I due eventi non sono certo paragonabili, tanto meno i due prodotti audiovisivi (una docuserie la prima, un film documentario il secondo), ma mi è sorta spontanea una riflessione da questo confronto. Ed è legata alla natura del footage a nostra disposizione, elemento chiave per la ricostruzione sia dei fatti, che del racconto audiovisivo degli stessi.

Sui cambiamenti che il linguaggio del documentario sta affrontando in questi decenni si è scritto molto, per non parlare della spettacolarizzazione delle immagini legate all’11 settembre, ciò che invece mi ha colpito in questo accostamento è stata una questione più antropologica, che mette in campo un discorso generazionale.

Turning point

L’11 settembre 2001 avevo 23 anni. Il telefono che avevo in tasca non era uno smartphone. Riuscivo a telefonare e mandare al massimo sms dai caratteri contingentati, quando la linea prendeva. La tecnologia non era così avanzata da permettere, ad ognuno di noi, di avere una telecamera integrata nel cellulare. Spesso neanche una fotocamera. Certo, io vivevo in una piccolissima città di provincia delle Marche, mentre qui tutto avviene a New York. Probabilmente la capitale mondiale delle telecomunicazioni. Ma le persone in strada difficilmente avrebbero potuto avere telefoni molto diversi dai miei.

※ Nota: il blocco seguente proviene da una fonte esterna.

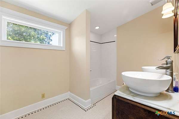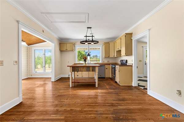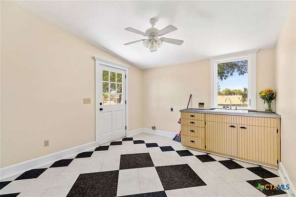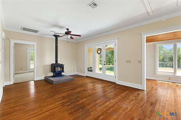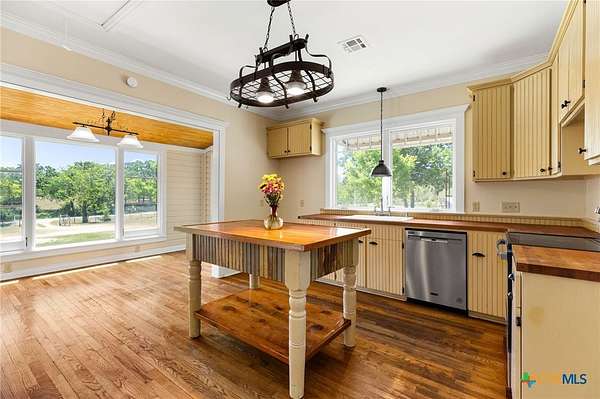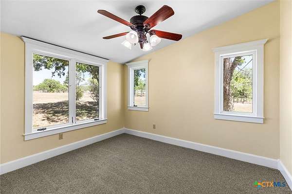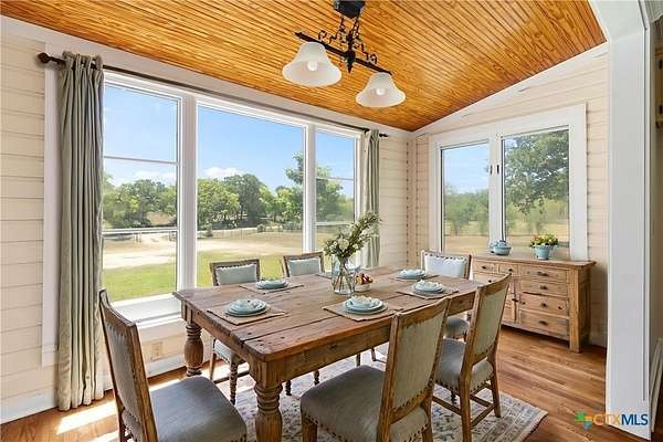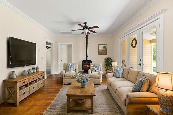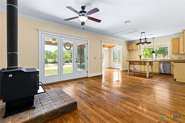 Welcome to your fresh start in the peaceful Texas countryside at this beautifully preserved 1920s ranch-style home for sale in Dale, TX, conveniently located just 30 minutes from Austin. Situated on nearly 10 acres of unrestricted land, this 3-bedroom, 2-bathroom country property offers the perfect blend of historic charm and modern comfort, ideal for those seeking a private rural lifestyle with easy city access. Inside, original hardwood floors, fresh interior paint, and classic black-and-white tile showcase the home's timeless character, while the spacious living room features a freestanding cast iron wood-burning fireplace, high ceilings, and original moldings that reflect true vintage craftsmanship. The open-concept kitchen flows seamlessly into the dining and living areas and includes antique beadboard cabinetry and a striking butcher block island, creating a warm and functional space for everyday living and entertaining. Natural light fills the dining area through charming divided-light windows, enhancing the home's bright and inviting feel. Outdoor living is equally appealing with a welcoming front porch and two additional side porches, including a private porch off the primary suite with French doors and an en suite bathroom featuring an antique vanity. The scenic acreage is dotted with mature oak trees and includes a large tank that retains water even during drought conditions, making it well-suited for livestock, gardening, or recreational use. With approximately 555 feet of road frontage and fully unrestricted land, the property offers outstanding flexibility for building, subdividing, homesteading, or investment opportunities. Additional improvements include a detached barn with covered parking, a spacious storage building, and a chicken coop, making this unique property an exceptional opportunity to enjoy country living with room to grow.

Ovviamente, se anche nessuno aveva una telecamera in tasca, le troupe in giro di certo non mancavano. Quel giorno era prevista l’elezione del sindaco e una troupe di documentaristi stava riprendendo l’attività della caserma dei pompieri Ladder 1. Per questo abbiamo tantissimi video di quei terribili attimi degli attentati, ed in altissima qualità. Camere professionali, e professionisti alla camera.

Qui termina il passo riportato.